- Data extract -
• • • •
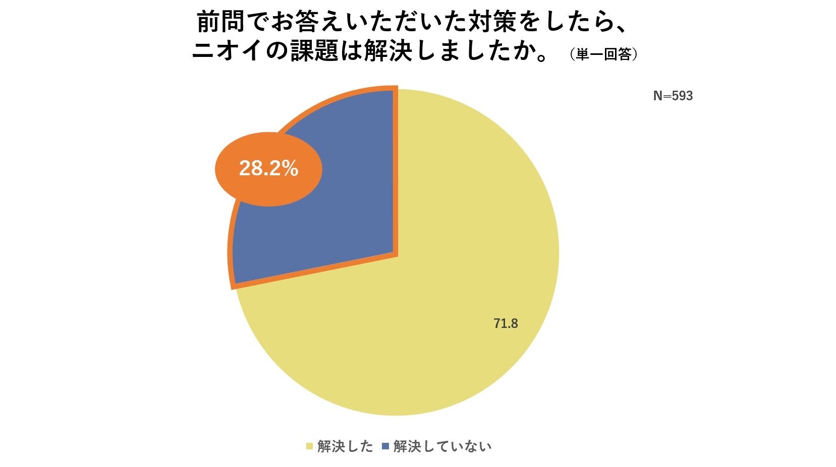 さらに半数以上が「消臭スプレーをかける」対策を実施。しかし、4人に1人は対策をしてもニオイの課題が解決していないと感じている結果に。
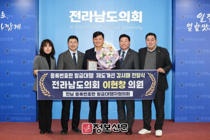![]() 전라남도의회 이현창 의원, 등록번호판 발급대행자협의회로부터 감사패 수상 |
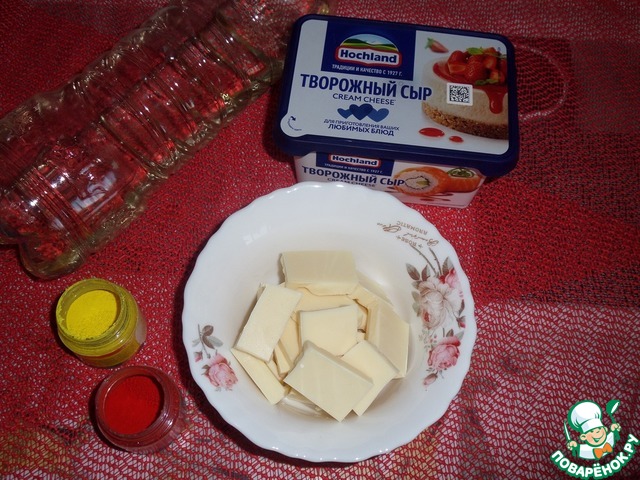 Затем добавляем пищевой краситель. Для получения оранжевого цвета я использовала желтый и красный жирорастворимый краситель.
• • • •
The material above should be repeated word for word, with every picture omitted.

- Output of the task -
 さらに半数以上が「消臭スプレーをかける」対策を実施。しかし、4人に1人は対策をしてもニオイの課題が解決していないと感じている結果に。
![]() 전라남도의회 이현창 의원, 등록번호판 발급대행자협의회로부터 감사패 수상 |
 Затем добавляем пищевой краситель. Для получения оранжевого цвета я использовала желтый и красный жирорастворимый краситель.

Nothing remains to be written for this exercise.